● **TASK BRIEF**:
Output all the data exactly. Pictures do not belong in the copy.

● **DATA SHOWN**:
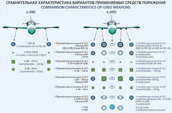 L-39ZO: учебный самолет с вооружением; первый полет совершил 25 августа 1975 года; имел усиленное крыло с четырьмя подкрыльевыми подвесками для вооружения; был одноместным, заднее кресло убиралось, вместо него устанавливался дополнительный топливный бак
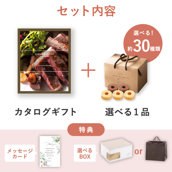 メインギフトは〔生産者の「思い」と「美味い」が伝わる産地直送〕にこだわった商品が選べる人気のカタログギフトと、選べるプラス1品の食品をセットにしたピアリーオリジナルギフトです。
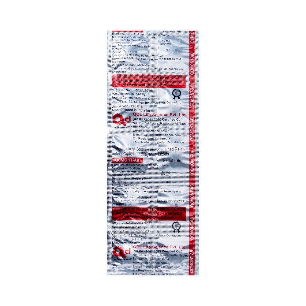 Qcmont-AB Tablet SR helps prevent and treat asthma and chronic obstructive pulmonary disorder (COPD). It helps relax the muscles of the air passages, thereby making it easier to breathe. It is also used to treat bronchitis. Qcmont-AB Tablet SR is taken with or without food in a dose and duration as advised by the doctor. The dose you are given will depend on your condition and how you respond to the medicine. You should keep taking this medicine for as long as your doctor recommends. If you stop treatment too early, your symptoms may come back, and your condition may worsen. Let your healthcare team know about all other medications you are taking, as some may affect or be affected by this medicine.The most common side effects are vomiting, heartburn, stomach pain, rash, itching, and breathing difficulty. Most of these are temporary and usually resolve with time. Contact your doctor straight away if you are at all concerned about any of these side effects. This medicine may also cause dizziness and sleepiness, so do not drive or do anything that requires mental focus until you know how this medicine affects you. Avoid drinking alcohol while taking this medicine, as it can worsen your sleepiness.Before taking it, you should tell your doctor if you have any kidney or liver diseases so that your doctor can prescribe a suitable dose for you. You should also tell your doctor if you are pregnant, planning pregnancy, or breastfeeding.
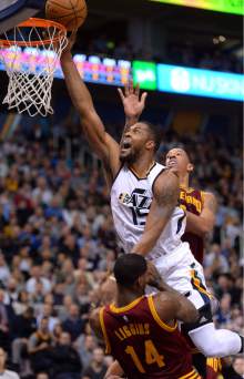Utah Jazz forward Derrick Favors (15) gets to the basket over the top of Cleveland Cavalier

● **ANSWER SECTION**:
 L-39ZO: учебный самолет с вооружением; первый полет совершил 25 августа 1975 года; имел усиленное крыло с четырьмя подкрыльевыми подвесками для вооружения; был одноместным, заднее кресло убиралось, вместо него устанавливался дополнительный топливный бак
 メインギフトは〔生産者の「思い」と「美味い」が伝わる産地直送〕にこだわった商品が選べる人気のカタログギフトと、選べるプラス1品の食品をセットにしたピアリーオリジナルギフトです。
 Qcmont-AB Tablet SR helps prevent and treat asthma and chronic obstructive pulmonary disorder (COPD). It helps relax the muscles of the air passages, thereby making it easier to breathe. It is also used to treat bronchitis. Qcmont-AB Tablet SR is taken with or without food in a dose and duration as advised by the doctor. The dose you are given will depend on your condition and how you respond to the medicine. You should keep taking this medicine for as long as your doctor recommends. If you stop treatment too early, your symptoms may come back, and your condition may worsen. Let your healthcare team know about all other medications you are taking, as some may affect or be affected by this medicine.The most common side effects are vomiting, heartburn, stomach pain, rash, itching, and breathing difficulty. Most of these are temporary and usually resolve with time. Contact your doctor straight away if you are at all concerned about any of these side effects. This medicine may also cause dizziness and sleepiness, so do not drive or do anything that requires mental focus until you know how this medicine affects you. Avoid drinking alcohol while taking this medicine, as it can worsen your sleepiness.Before taking it, you should tell your doctor if you have any kidney or liver diseases so that your doctor can prescribe a suitable dose for you. You should also tell your doctor if you are pregnant, planning pregnancy, or breastfeeding.
Utah Jazz forward Derrick Favors (15) gets to the basket over the top of Cleveland Cavalier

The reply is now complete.